Abstract |
A speech production model that views speech as the result of passing a glottal
excitation waveform through a time-varying linear filter (the latter modeling the
resonant characteristics of the vocal tract) is widely used in digital speech signal
processing. In many speech applications, two possible states of the glottal excitation
can be assumed: voiced or unvoiced. Voice models often split the speech
spectrum into these two (or even more) voiced/unvoiced frequency bands using respective
cutoff frequencies. Voiced speech is usually modeled deterministically in the
lower frequencies, while a stochastic approach is used for the upper frequency part.
A so-called Maximum Voiced Frequency separates the deterministic and stochastic
parts. However, it can be observed from the actual voice production mechanisms
that the amplitude spectrum of the voice source decreases smoothly without any
abrupt frequency changes that would justify such a classification of the spectrum
in deterministic and stochastic components. Accordingly, it becomes a struggle for
multiband models to estimate these cutoff frequencies. Consequently, artifacts produced
by multiband methods can degrade the perceived quality. Moreover, the Fan
Chirp Transformation (FChT), which uses a linear frequency basis adapted to the
nonstationarities of the speech signal, has demonstrated that harmonicity is present
at frequencies higher than those usually considered as voiced based on the Discrete
Fourier Transform (DFT). This motivates alternative models which are based on a
full-band modeling approach.
Sinusoidal and harmonic models aim to represent the speech signal with a set of
parameters such as frequencies, amplitudes and phases. The accuracy and precision
of the model parameters are key issues. All voice models have to be both precise
and fast in order to represent the speech signal adequately and be able to process
large amounts of data in a reasonable amount of time. So far, the Sinusoidal Model
(SM), where the glottal excitation is represented as a sum of sine waves, has been
widely used for many applications such as speech analysis, coding and modifications.
However, as we show in our evaluations in this thesis, the estimated parameters are
not as accurate as the ones computed by harmonic models.
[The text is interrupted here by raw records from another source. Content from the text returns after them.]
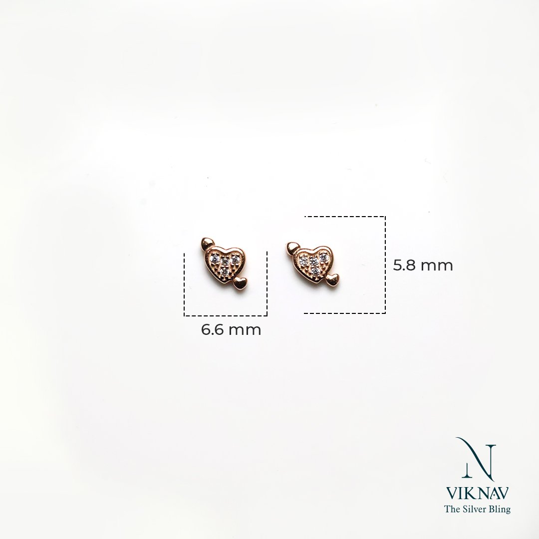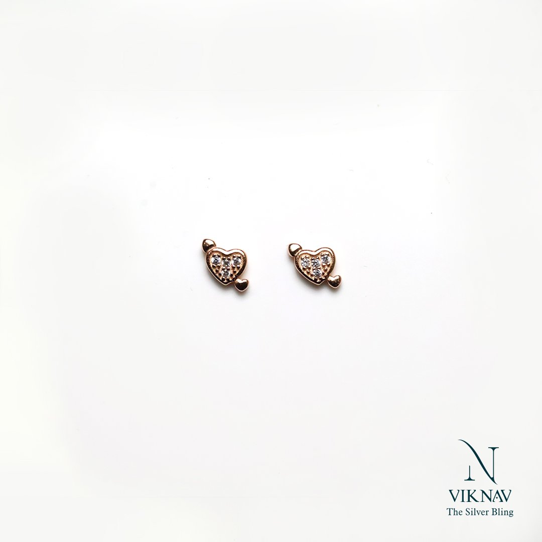 Celebrate the magic of love with these charming Tiny Love Strike Studs. Crafted from high-quality 925 sterling silver and finished with a warm rose gold plating, each stud features a delicate heart pierced by an arrow design, adorned with shimmering white stones for a subtle sparkle. Perfectly petite and lightweight, these earrings add a sweet and stylish touch to your everyday look or special occasions.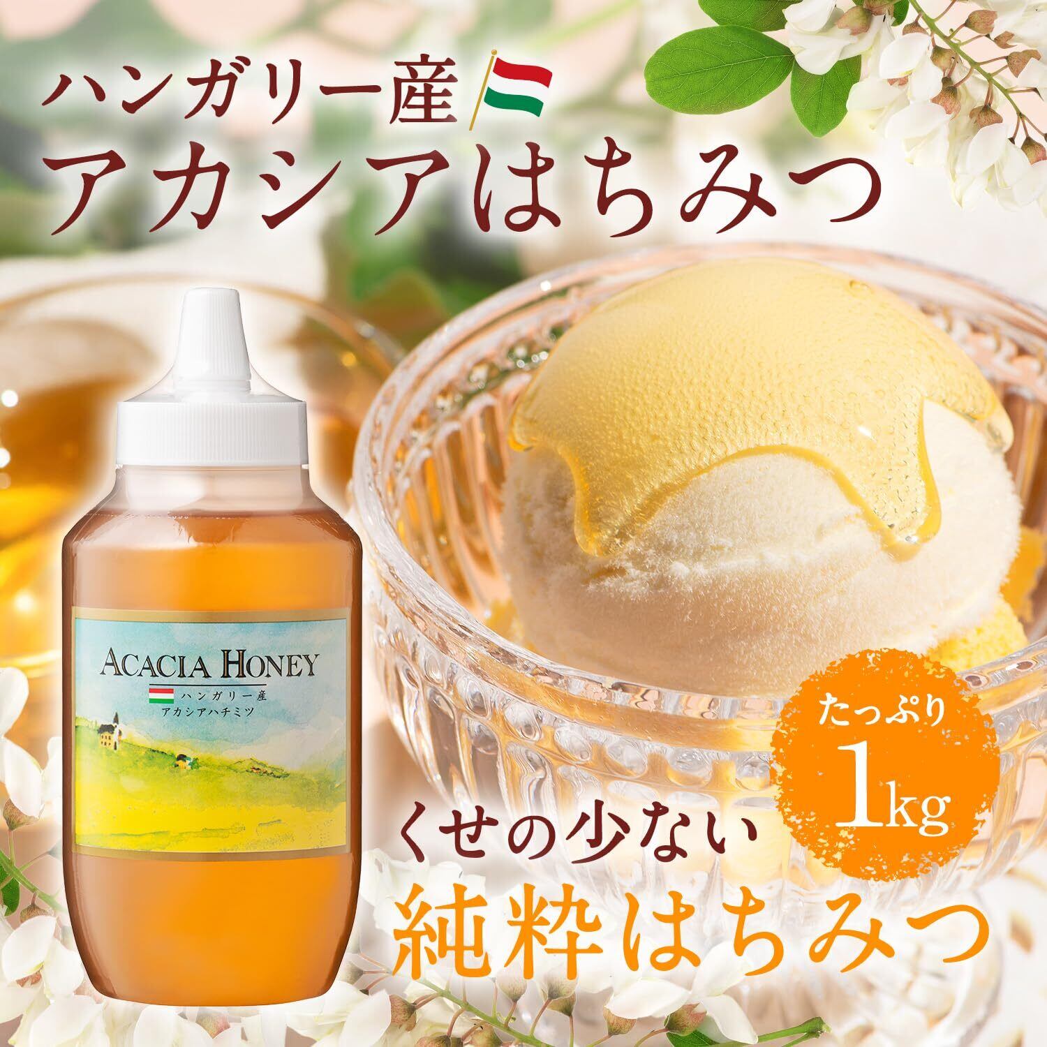 [熊手のはちみつ]ハンガリー産アカシアはちみつ (1kgポリ) 100%純粋 ハチミツ 蜂蜜 honey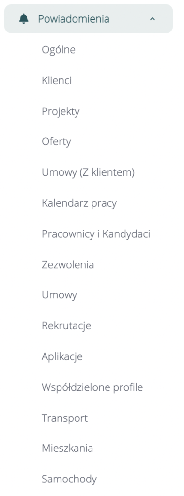 Powiadomienia zostały przeniesione z Ustawienia > Konfiguracja > Powiadomienia do Ustawienia > Powiadomienia. Rodzaje obiektów, które posiadają możliwość konfiguracji powiadomień również znajdują się w menu (poniżej).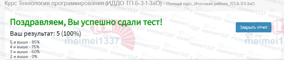 Главная » Учебные материалы » Технология программирования » Ответы » ИДДО НИУ «МЭИ» » Несколько классов/семестров » Номер Экзамен » К экзамену » Курс Технология программирования - Полный/Аттестационный курс Итоговая работа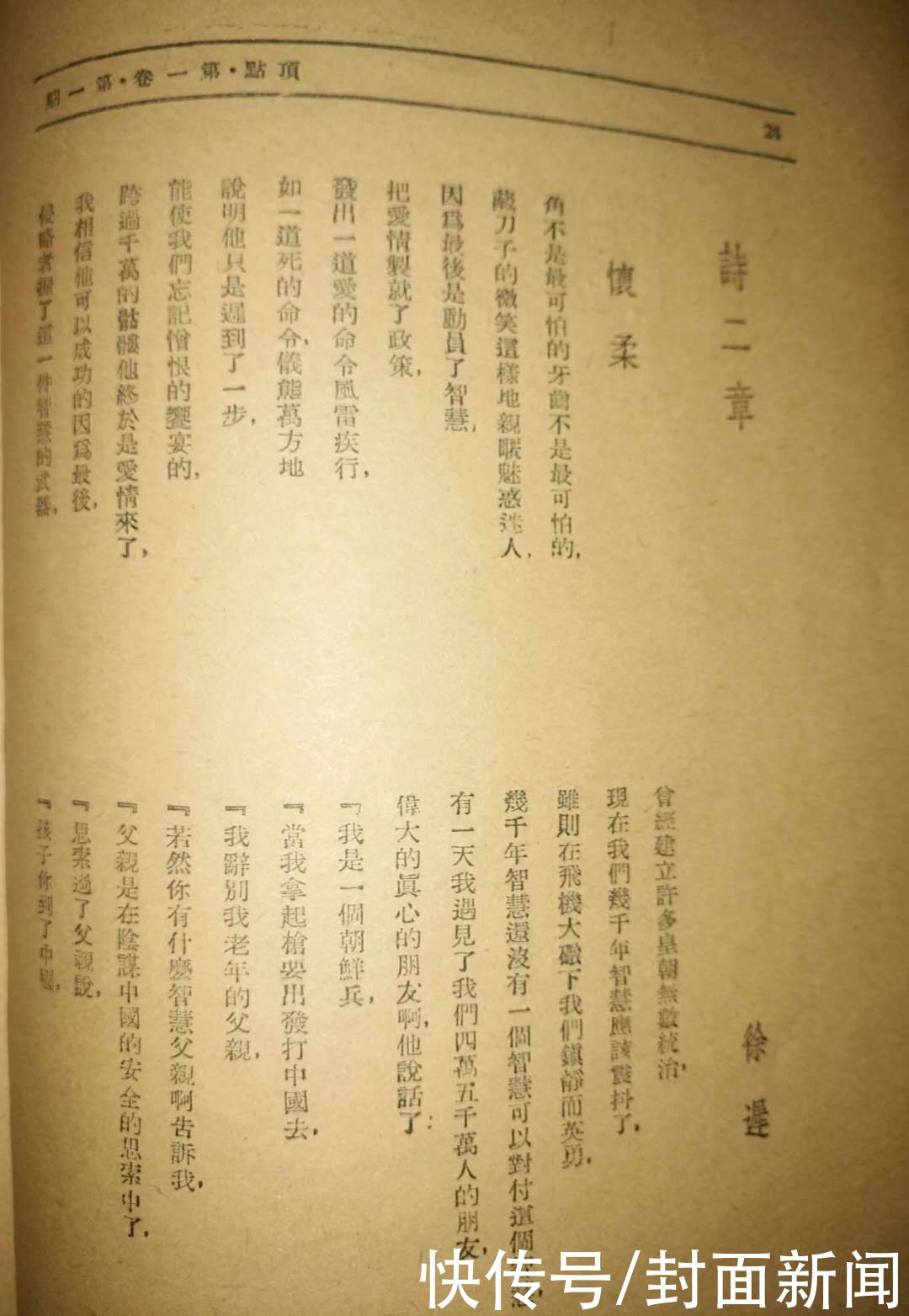 in在第一期The Vertex中,徐驰写了两篇文章。一是《诗词作文》第一部发表的《诗词第二章》(《怀柔》、《书语》)。关于这两首诗,徐驰晚年曾在《江南小镇》中评论道:“五月,当时在湖南教书的王舒和艾青出版了诗刊。在两位编辑的名义下,名为《顶点》,我写的诗很差……” 徐驰先生太谦虚了,现在读这两首诗,他还有意思。

The adaptive Quasi-
Harmonic Model (aQHM) has been proposed as an alternative and more adaptive
method for speech analysis, that uses some of the attributes of the harmonicity of
a signal. The aQHM offers even more flexibility than the FChT by using a set of
adaptive non-linear basis functions. However, due to the assumption made by aQHM,
that the initial frequency tracks can have a confined error, a frequency matching
problem may occur. Hence, neither method is very suitable for full-band modeling
of a speech signal.
Harmonic models were initially designed for representation of the deterministic
part of the speech, but, as implied by the FChT, the need of a cutoff frequency limit
is questionable. Thus, exploiting the properties of aQHM, the full-band adaptive
Harmonic Model (aHM) along with its corresponding algorithms for the estimation
of harmonics up to the Nyquist frequency has been proposed. The aHM model
uses the Least Squares (LS) solution in the Adaptive Iterative Refinement (AIR)
algorithm in order to properly estimate a refinement of the f0 curve without the
problems caused by frequency errors. Even though aHM-AIR using LS allows for a
robust estimation of the harmonic components, it lacks the computational efficiency
that would make its use convenient for large databases, due to the use of the LS
solution.
In this thesis, a Peak-Picking (PP) approach is suggested as a substitution to the
LS solution used by the AIR algorithm. In order to integrate the adaptivity scheme
of aHM in the PP approach, an adaptive Discrete Fourier Transform (aDFT), whose
frequency basis can fully follow the variations of the f0 curve, is also proposed. In
order to evaluate the performance of the proposed method, the computational time
has been calculated and an average time reduction of almost four times has been
shown when comparing the proposed improvements to the original LS-based aHMAIR
algorithm. Additionally, the quality of the re-synthesis is preserved compared
to the aHM-AIR using LS. With the use of Signal-To-Reconstruction-Error (SRER)
and Perceptual Evaluation of Speech Quality (PESQ), we show that the speech
reconstructed using aHM-AIR with PP and aDFT retains the quality of aHM-AIR
using LS. Finally, formal listening tests show that the speech reconstructed by aHMAIR
with PP and aDFT is very similar to the one reconstructed by aHM-AIR using
LS.
|